RECORD SET →
:::::

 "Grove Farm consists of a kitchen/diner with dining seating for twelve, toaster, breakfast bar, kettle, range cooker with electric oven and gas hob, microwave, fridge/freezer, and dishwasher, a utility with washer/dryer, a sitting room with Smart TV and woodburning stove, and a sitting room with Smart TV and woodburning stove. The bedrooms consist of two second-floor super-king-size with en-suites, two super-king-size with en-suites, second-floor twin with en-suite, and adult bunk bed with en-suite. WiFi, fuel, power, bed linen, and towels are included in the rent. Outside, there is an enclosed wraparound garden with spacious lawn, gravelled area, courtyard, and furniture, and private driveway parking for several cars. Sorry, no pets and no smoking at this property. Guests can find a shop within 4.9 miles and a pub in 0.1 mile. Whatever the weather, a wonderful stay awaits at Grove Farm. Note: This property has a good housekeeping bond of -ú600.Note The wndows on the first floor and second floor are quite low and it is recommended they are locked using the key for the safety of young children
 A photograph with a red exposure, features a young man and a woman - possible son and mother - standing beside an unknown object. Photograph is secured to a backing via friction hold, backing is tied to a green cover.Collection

:::::

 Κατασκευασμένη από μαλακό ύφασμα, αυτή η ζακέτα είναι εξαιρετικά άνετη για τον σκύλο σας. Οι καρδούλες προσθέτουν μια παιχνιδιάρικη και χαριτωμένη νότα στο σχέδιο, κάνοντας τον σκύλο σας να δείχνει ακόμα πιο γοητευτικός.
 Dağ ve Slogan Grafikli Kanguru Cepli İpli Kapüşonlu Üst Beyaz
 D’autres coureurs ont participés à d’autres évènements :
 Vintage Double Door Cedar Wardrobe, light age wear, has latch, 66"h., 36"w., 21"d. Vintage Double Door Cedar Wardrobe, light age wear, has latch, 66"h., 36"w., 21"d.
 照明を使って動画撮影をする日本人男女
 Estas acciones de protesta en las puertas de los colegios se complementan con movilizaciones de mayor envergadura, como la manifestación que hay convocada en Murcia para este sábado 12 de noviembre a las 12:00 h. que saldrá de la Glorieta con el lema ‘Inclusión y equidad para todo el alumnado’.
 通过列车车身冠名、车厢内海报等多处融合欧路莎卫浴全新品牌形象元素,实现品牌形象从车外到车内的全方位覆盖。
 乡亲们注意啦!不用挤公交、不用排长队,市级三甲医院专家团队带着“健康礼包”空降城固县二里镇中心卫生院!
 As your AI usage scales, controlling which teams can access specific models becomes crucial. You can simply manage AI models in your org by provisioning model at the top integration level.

:::::

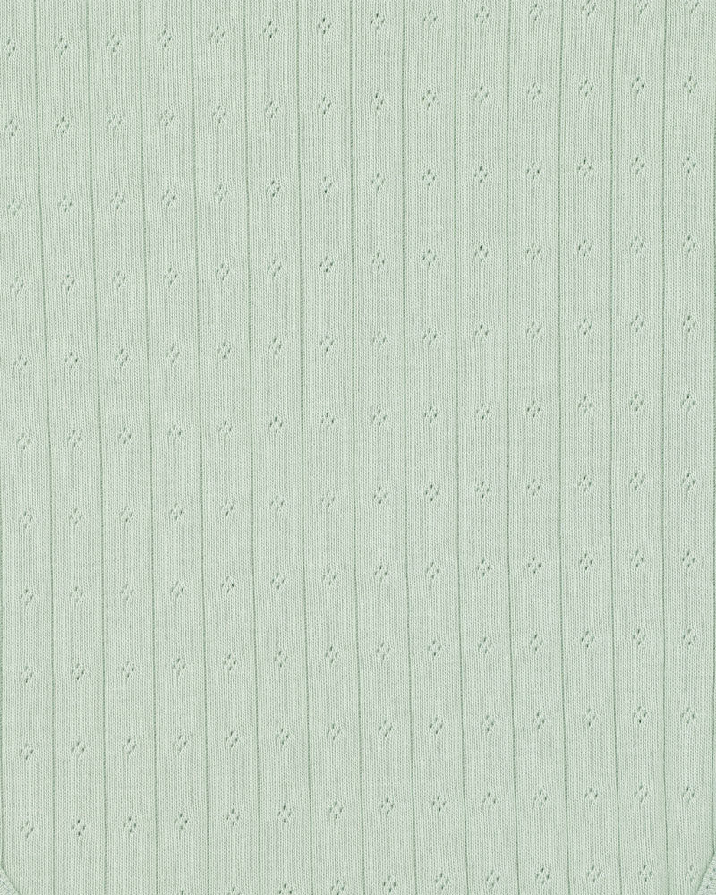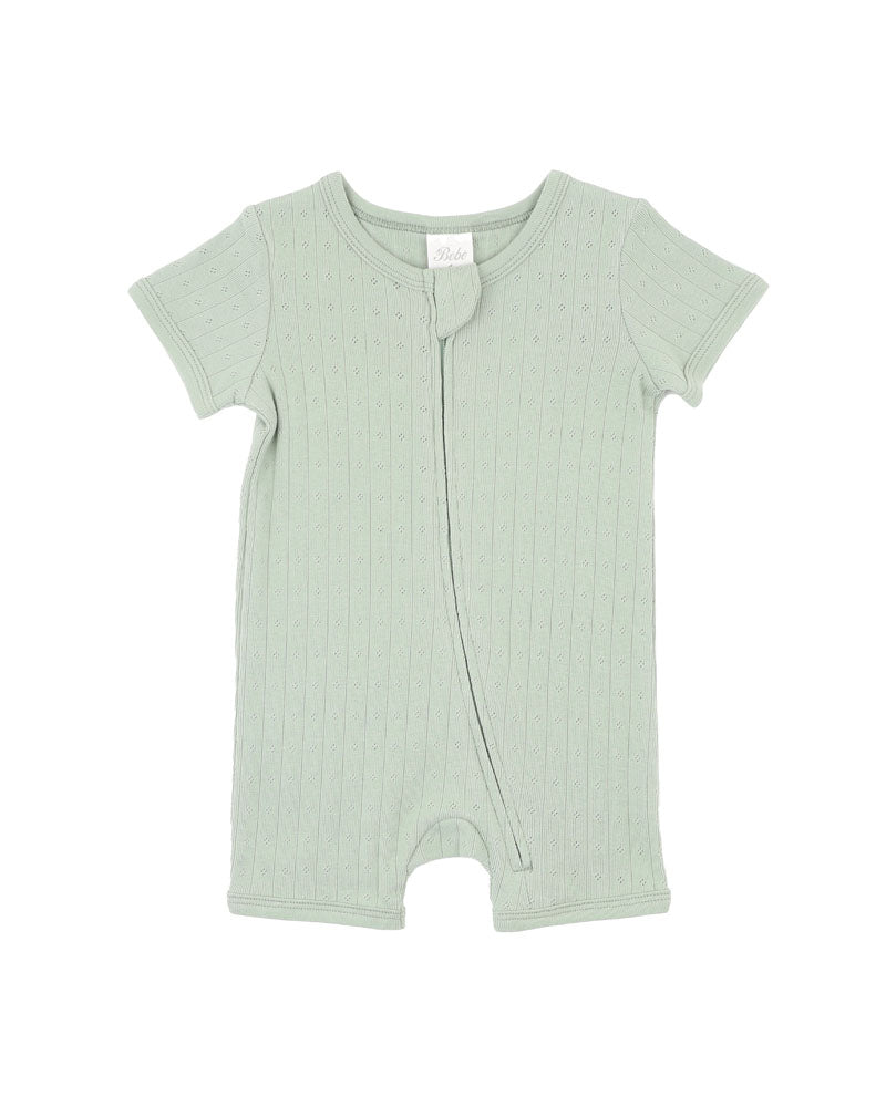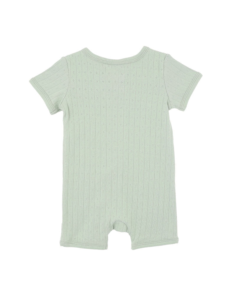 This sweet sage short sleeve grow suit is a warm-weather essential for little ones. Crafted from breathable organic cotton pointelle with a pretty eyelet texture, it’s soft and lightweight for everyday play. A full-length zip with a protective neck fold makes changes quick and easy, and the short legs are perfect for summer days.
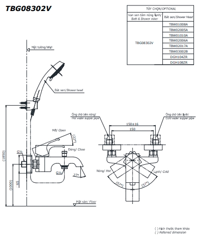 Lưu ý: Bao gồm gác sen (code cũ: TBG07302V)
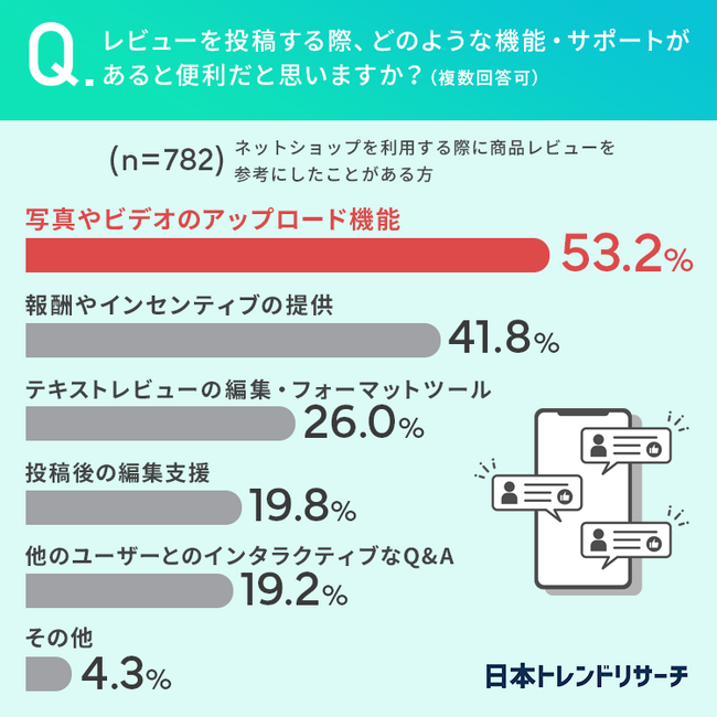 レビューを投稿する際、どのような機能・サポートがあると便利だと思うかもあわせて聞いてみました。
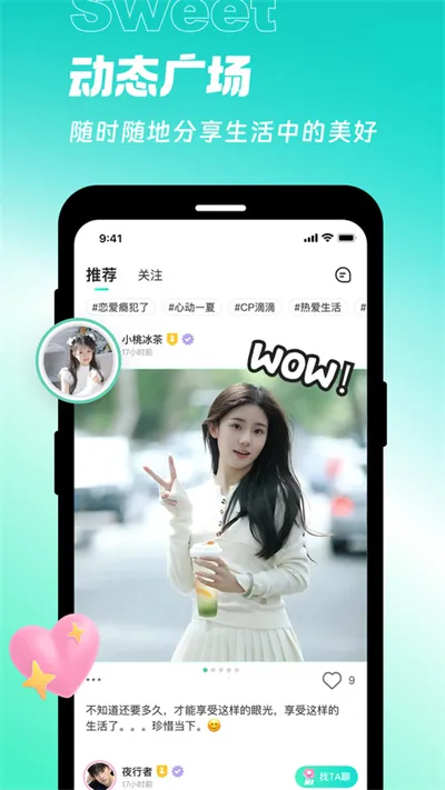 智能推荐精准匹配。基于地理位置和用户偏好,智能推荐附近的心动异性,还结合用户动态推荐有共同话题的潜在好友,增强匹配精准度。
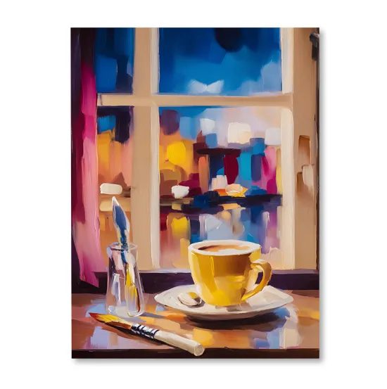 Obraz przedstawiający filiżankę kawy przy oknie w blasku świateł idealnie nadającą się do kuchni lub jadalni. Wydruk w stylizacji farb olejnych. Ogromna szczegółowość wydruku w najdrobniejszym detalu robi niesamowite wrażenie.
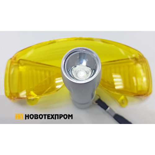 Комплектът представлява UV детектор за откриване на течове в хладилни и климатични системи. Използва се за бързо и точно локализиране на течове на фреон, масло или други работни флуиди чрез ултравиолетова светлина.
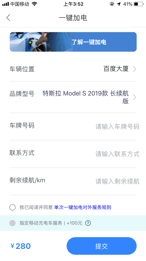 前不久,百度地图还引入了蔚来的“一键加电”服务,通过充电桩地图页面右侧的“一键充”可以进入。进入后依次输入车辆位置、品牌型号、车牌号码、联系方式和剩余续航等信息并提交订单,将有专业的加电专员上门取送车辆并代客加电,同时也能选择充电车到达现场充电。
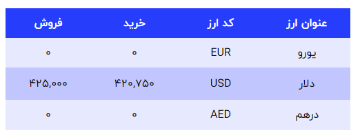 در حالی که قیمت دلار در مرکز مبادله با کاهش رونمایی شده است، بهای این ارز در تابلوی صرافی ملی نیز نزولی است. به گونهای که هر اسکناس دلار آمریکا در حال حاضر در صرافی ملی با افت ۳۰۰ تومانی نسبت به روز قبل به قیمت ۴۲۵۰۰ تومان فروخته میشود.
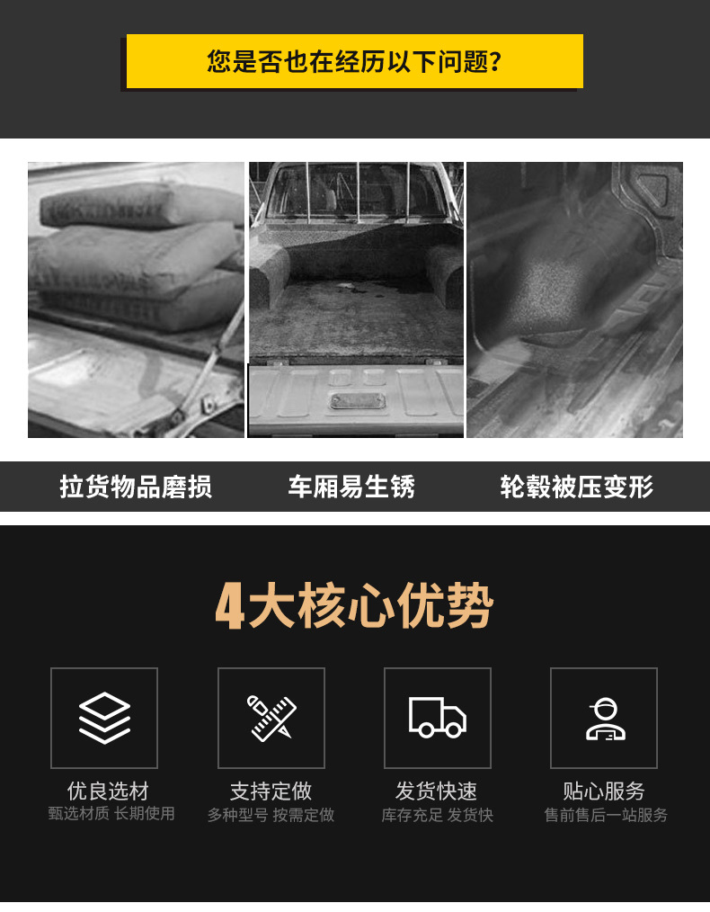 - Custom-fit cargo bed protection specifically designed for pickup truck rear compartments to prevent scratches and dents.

:::::

In the listing above, find the line with "通过列车车身冠名、车厢内海报" and the line with "As your AI usage", then reproduce both and every line between them exactly.

EXPECTED ANSWER →
 通过列车车身冠名、车厢内海报等多处融合欧路莎卫浴全新品牌形象元素,实现品牌形象从车外到车内的全方位覆盖。
 乡亲们注意啦!不用挤公交、不用排长队,市级三甲医院专家团队带着“健康礼包”空降城固县二里镇中心卫生院!
 As your AI usage scales, controlling which teams can access specific models becomes crucial. You can simply manage AI models in your org by provisioning model at the top integration level.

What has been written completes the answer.